Both in experimental studies and in patients with LV dysfunction, it has been recognized for a long time that increases in LVEDP may not reflect predictable increases in LV diastolic volume because of alterations of LV compliance. Thus, there are limitations to the use of LVEDP as an index of cardiac failure. However, it can be accurately measured with relative ease and there is widespread appreciation of its limitations. LVEDV would be superior to LVEDP in the assessment of ventricular function because it is more closely related to myocardial fiber length. In man, LV volumes can be measured by angiocardiography, dilution techniques, radioisotope angiography and by echocardiography. These methods have limitations, and routine and frequent accurate determinations of LVEDV, under varying clinical situations, is not yet possible, although echocardiography holds promise. For these reasons, LVEDP continues to be a frequently utilized parameter in the assessment of ventricular performance. In patients with LV dysfunction, if ventricular filling pressure is utilized to assess LV performance, it is better to use LVEDP rather than an indirect estimate of LVEDP for the following reasons: 1) by using an indirect estimate of LVEDP the contribution of atrial contraction to EDP and EDV is ignored because the indirect estimates of LVEDP are often the same as LVDP pre “a”. The importance of atrial systole to ventricular function has been known for a long time and myocardial fiber length after atrial contraction is known to influence ventricular contraction. While admittedly atrial contraction may result in a greater increase of EDP than of EDV, the influence of atrial systole on LV fiber length is important in many of these patients because an appropriately timed atrial contraction contributes significantly to LV stroke volume which averages 25-39 percent. 2) It has not yet been demonstrated that LVDP other than LVEDP influences ventricular performance.

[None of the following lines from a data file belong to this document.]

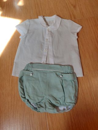 Conjunto de dos piezas para bebé de 9 meses. - Camisa blanca de manga corta con cuello - Pantalón corto verde con tirantes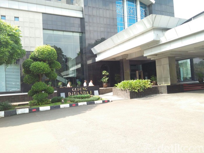 Mengenakan batik warna gelap, Perry langsung masuk ke dalam gedung Kementerian Keuangan.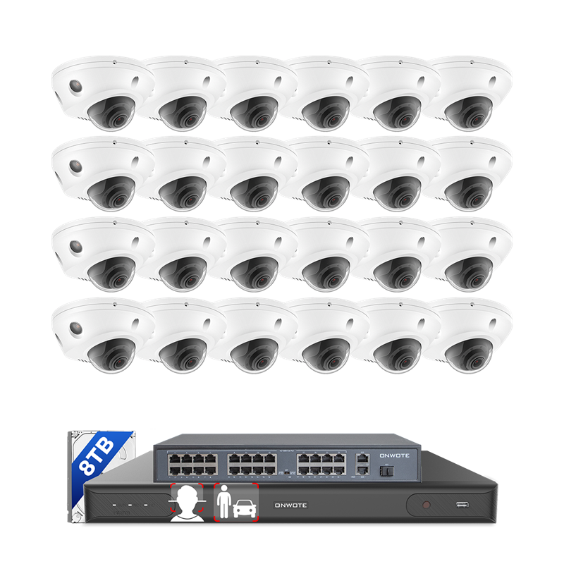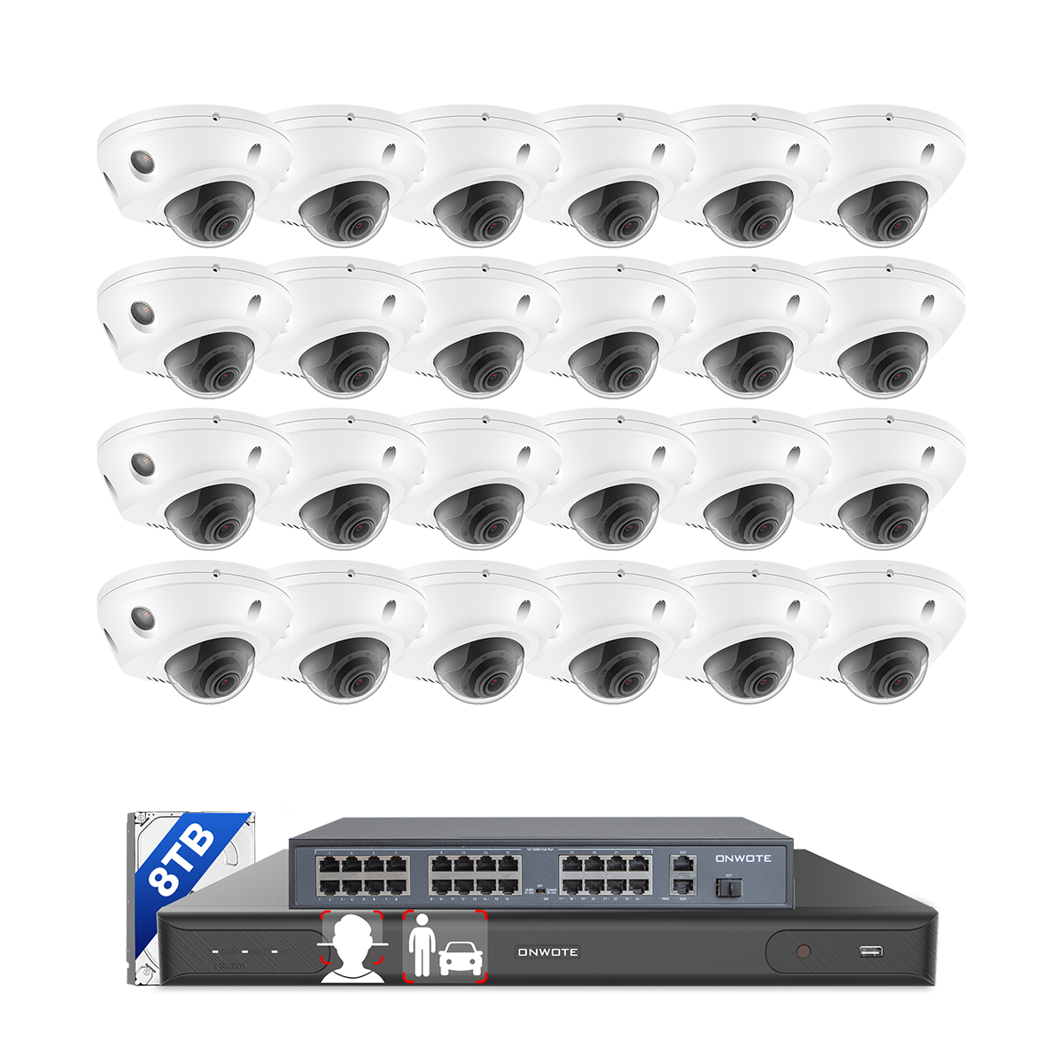 ONWOTE 32 Channel PoE Security Camera System, Face Recognition & AcuSearch, 2 Way Audio, 24x 8MP PoE IP Cameras, AI Color Night, 32CH 12MP NVR 8TB, 4 HDD Ports Support 40TB, Commercial Grade CCTV for Business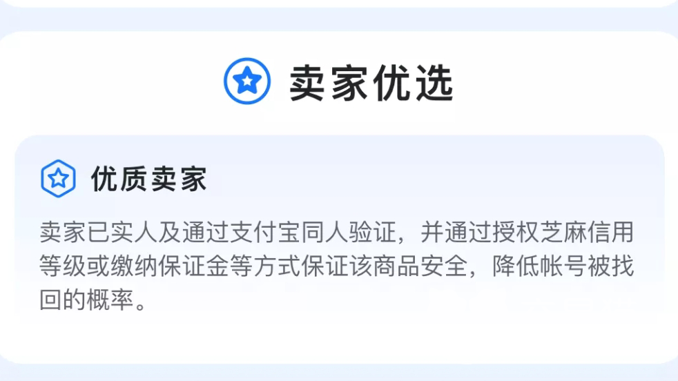 和优质的卖家进行交易,一定会是一种十分愉悦的交易体验,因为优质的卖家会对自己的账号保养的很好,并且基本不会出现恶意的行为,会为买家带来更良好的体验,而这些优质的卖家会被平台优先的推送到交易首页上,更加保证用户的交易体验。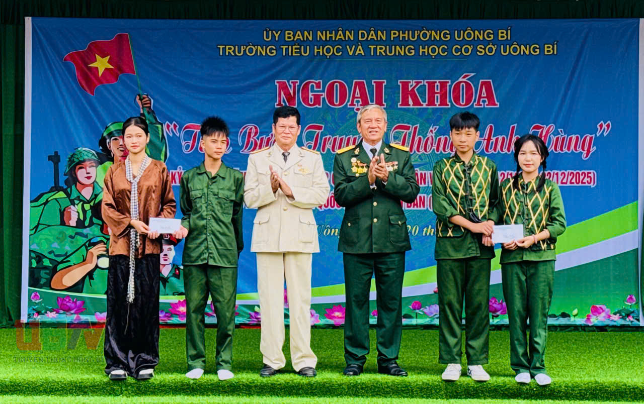 Ngoại khóa “Tiếp bước truyền thống anh hùng” Sáng ngày 20/12, Trường Tiểu học và THCS Uông Bí tổ chức chương trình ngoại khóa với chủ đề “Tiếp bước truyền thống anh hùng”, chào mừng 81 năm Ngày thành lập Quân đội nhân dân Việt Nam (22/12/1944–22/12/2025) và 36 năm Ngày hội Quốc phòng toàn dân (22/12/1989–22/12/2025).

In conclusion, it is important that data from studies performed by various investigators be utilized maximally. Use of an accurate and standard terminology is crucial. The term left ventricular end-diastolic pressure should be restricted to LVDP at the “z” point, that is, after atrial contraction and left ventricular diastolic pressure prior to atrial contraction be referred to as LVDP pre “a.” In addition, when presenting data in patients with left ventricular dysfunction, it would seem appropriate not to use the general term left ventricular filling pressure, but to mention the specific parameter that was measured. If ventricular filling pressure is used in the assessment of left ventricular function in patients with LV disease, it is preferable to use LVEDP rather than an indirect estimate of LVEDP. Pulmonary artery EDP, mean left atrial pressure and LVDP pre “a” are good indicators of pulmonary venous pressure and help to assess the risk to the patient of pulmonary edema.